**Brief**
Skip any pictures. Repeat the data exactly, from its first line through the line that holds "Ulaskom u vilu, dočekuje", both included.

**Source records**
********************
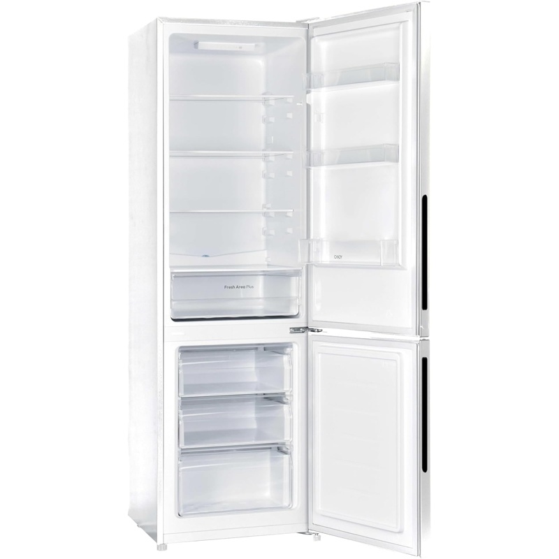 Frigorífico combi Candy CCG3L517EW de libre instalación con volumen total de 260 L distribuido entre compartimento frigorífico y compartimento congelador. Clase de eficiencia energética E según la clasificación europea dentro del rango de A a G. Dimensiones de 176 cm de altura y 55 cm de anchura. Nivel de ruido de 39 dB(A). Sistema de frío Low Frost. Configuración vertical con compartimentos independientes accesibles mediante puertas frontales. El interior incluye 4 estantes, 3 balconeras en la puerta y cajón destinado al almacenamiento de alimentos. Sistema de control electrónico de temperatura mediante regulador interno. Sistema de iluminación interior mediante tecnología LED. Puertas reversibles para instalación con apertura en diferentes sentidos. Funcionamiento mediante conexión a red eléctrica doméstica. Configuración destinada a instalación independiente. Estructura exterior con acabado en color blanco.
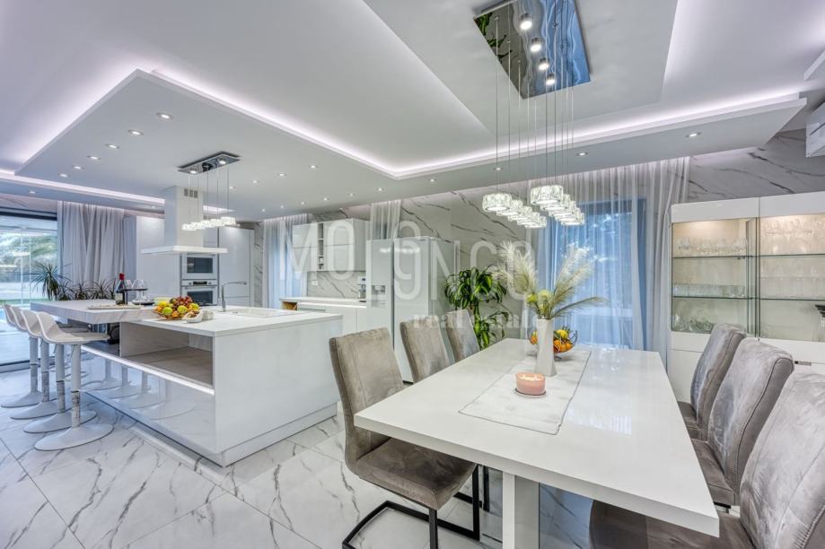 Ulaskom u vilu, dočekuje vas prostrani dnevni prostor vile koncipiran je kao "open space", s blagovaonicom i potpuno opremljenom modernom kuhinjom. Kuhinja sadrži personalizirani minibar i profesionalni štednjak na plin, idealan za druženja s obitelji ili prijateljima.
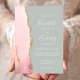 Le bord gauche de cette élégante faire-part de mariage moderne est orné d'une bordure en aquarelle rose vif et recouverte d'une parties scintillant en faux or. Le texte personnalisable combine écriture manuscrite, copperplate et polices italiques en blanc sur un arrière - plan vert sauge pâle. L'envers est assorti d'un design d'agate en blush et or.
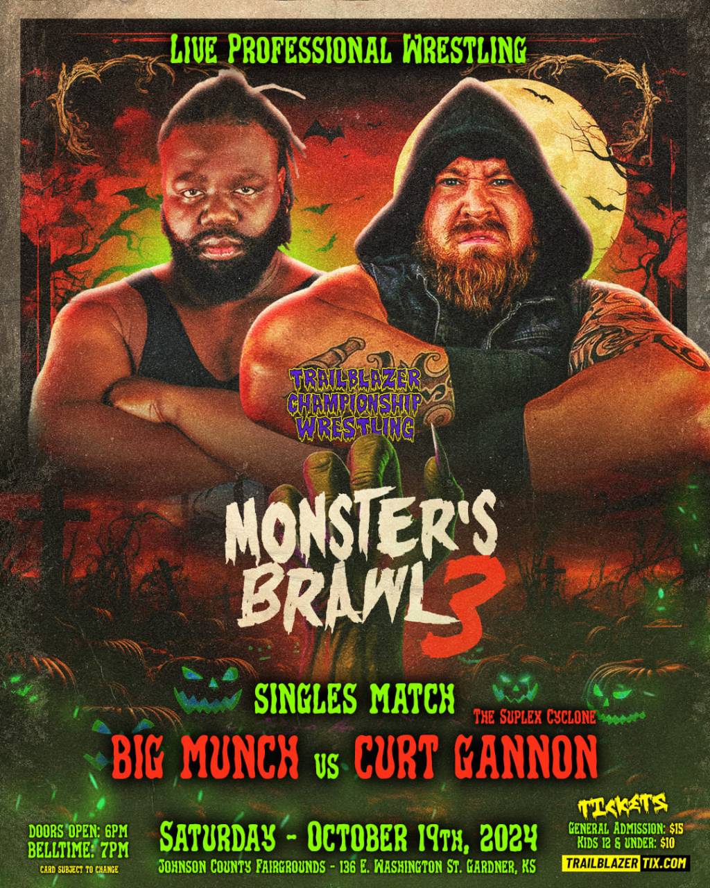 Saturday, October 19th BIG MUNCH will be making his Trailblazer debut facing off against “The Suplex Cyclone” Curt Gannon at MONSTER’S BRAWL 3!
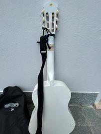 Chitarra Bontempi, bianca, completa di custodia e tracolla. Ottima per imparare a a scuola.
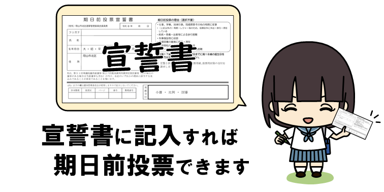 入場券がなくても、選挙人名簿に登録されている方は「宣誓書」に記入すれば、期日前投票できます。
********************
**Response to this exercise**
 Frigorífico combi Candy CCG3L517EW de libre instalación con volumen total de 260 L distribuido entre compartimento frigorífico y compartimento congelador. Clase de eficiencia energética E según la clasificación europea dentro del rango de A a G. Dimensiones de 176 cm de altura y 55 cm de anchura. Nivel de ruido de 39 dB(A). Sistema de frío Low Frost. Configuración vertical con compartimentos independientes accesibles mediante puertas frontales. El interior incluye 4 estantes, 3 balconeras en la puerta y cajón destinado al almacenamiento de alimentos. Sistema de control electrónico de temperatura mediante regulador interno. Sistema de iluminación interior mediante tecnología LED. Puertas reversibles para instalación con apertura en diferentes sentidos. Funcionamiento mediante conexión a red eléctrica doméstica. Configuración destinada a instalación independiente. Estructura exterior con acabado en color blanco.
 Ulaskom u vilu, dočekuje vas prostrani dnevni prostor vile koncipiran je kao "open space", s blagovaonicom i potpuno opremljenom modernom kuhinjom. Kuhinja sadrži personalizirani minibar i profesionalni štednjak na plin, idealan za druženja s obitelji ili prijateljima.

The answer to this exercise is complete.